The halt removes a projected $2 billion market opportunity from Kamada’s pipeline, tightening the company’s future revenue trajectory. While the company’s existing portfolio of FDA‑approved plasma‑derived products remains robust, the loss of a potentially high‑margin inhaled therapy represents a significant strategic setback. Kamada’s guidance for full‑year 2025 revenue ($178 million to $182 million) and adjusted EBITDA ($40 million to $44 million) remains unchanged, underscoring management’s confidence that the core business can absorb the loss.
Kamada’s Q3 2025 results provide context for the guidance. Revenue rose 13% year‑over‑year to $47.0 million, driven by strong demand for its flagship product GLASSIA® and growth in its distribution segment. Adjusted EBITDA increased 34% to $11.7 million, reflecting disciplined cost management and a favorable product mix. The company’s first‑nine‑month revenue of $135.8 million and adjusted EBITDA of $34.2 million also show double‑digit growth, reinforcing the outlook for 2025.
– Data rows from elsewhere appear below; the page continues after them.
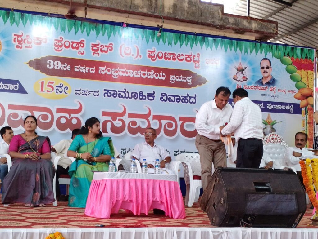 ಪುಂಜಾಲಕಟ್ಟೆ ಸ್ವಸ್ತಿಕ್ ಫ್ರೆಂಡ್ಸ್ ಕ್ಲಬ್ ವತಿಯಿಂದ ಉಚಿತ ಸಾಮೂಹಿಕ ವಿವಾಹ ಹಾಗೂ ಸ್ವಸ್ತಿ ಸಿರಿ ಪ್ರಶಸ್ತಿ ಪ್ರದಾನ ಕಾರ್ಯಕ್ರಮ – ಕಹಳೆ ನ್ಯೂಸ್
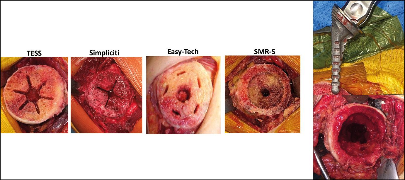 The imprints left in the epiphysis by these various stemless designs show the bone sparing compared to designs with stems, even short ones (Fig. 8).
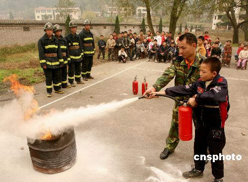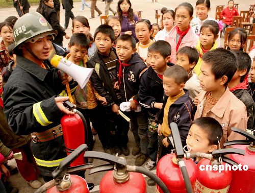 11月7日,四川華鎣市紅巖小學的“留守兒童”在接受消防官兵傳授消防安全知識。據悉,華鎣山區有近10萬名“留守兒童”,為使這些孩子掌握正確的用火、用電知識,增強安全意識,提高自我保護能力。11.9前夕,廣安市華鎣消防大隊組織隊伍深入山區各所學校,為“留守兒童”講授消防安全知識。中新社發 邱海鷹 攝
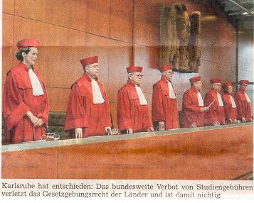 Karlsruhe. (dpa/AP) Das Verfassungsgericht hat den Weg für die Einführung von Studiengebühren
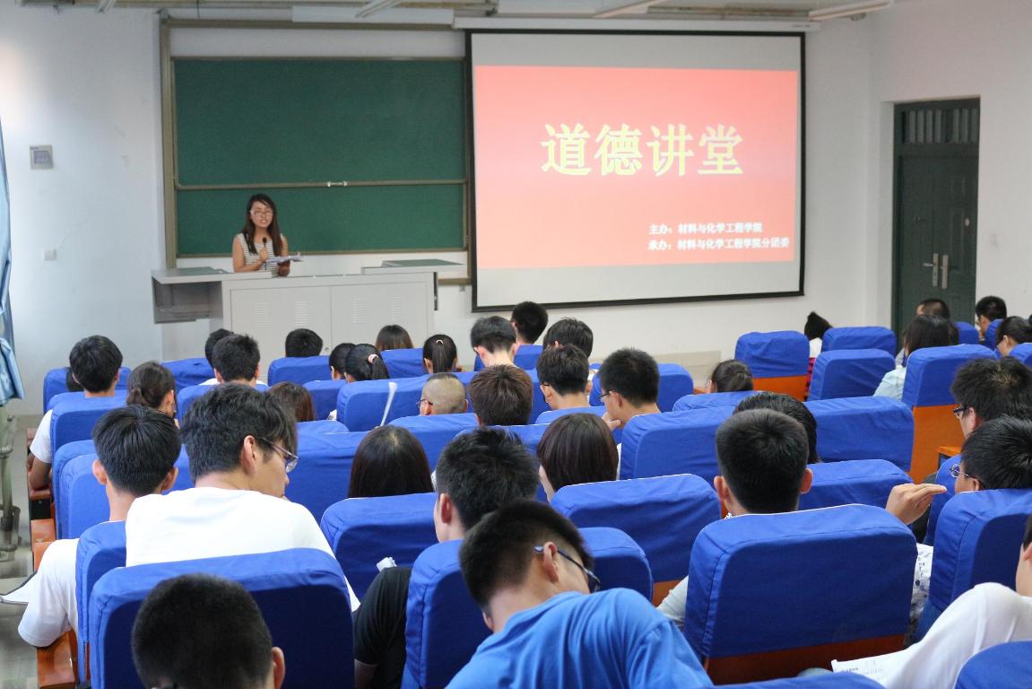 近日,由学校文明办主办、材料与化学工程学院承办的“道德讲堂”在科学校区化工楼218和二教楼708教室举行了两场活动。活动以“凝聚道德新风尚,传递青春正能量”为主题,化工学院教师、学生代表300余人参加了活动。
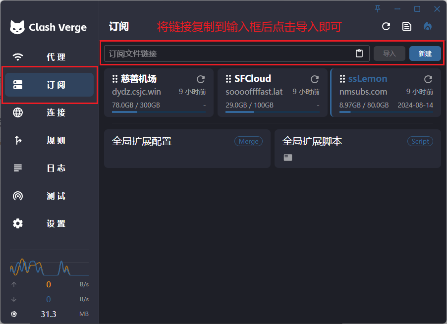 方式①:复制订阅地址后打开Clash Verge,打开代理列表,将订阅链接复制到输入框后点击导入即可。

CEO Amir London highlighted that, despite the disappointment of the trial’s termination, Kamada remains focused on its 2026 and future growth prospects. He noted the company’s expanding biosimilar portfolio in Israel, the opening of a new plasma‑collection site in San Antonio, Texas in March 2025, and FDA approval of its Houston, Texas center in August 2025. London emphasized continued supply of GLASSIA® to the Alpha‑1 community and reiterated that the company’s commercial portfolio is positioned to support the guidance.
The company’s strategic emphasis on plasma‑collection expansion and biosimilar development is intended to offset the lost upside from the InnovAATe program. By increasing raw‑material supply and entering new markets, Kamada aims to sustain revenue growth and maintain profitability, while the existing product lines provide a stable foundation for the coming years.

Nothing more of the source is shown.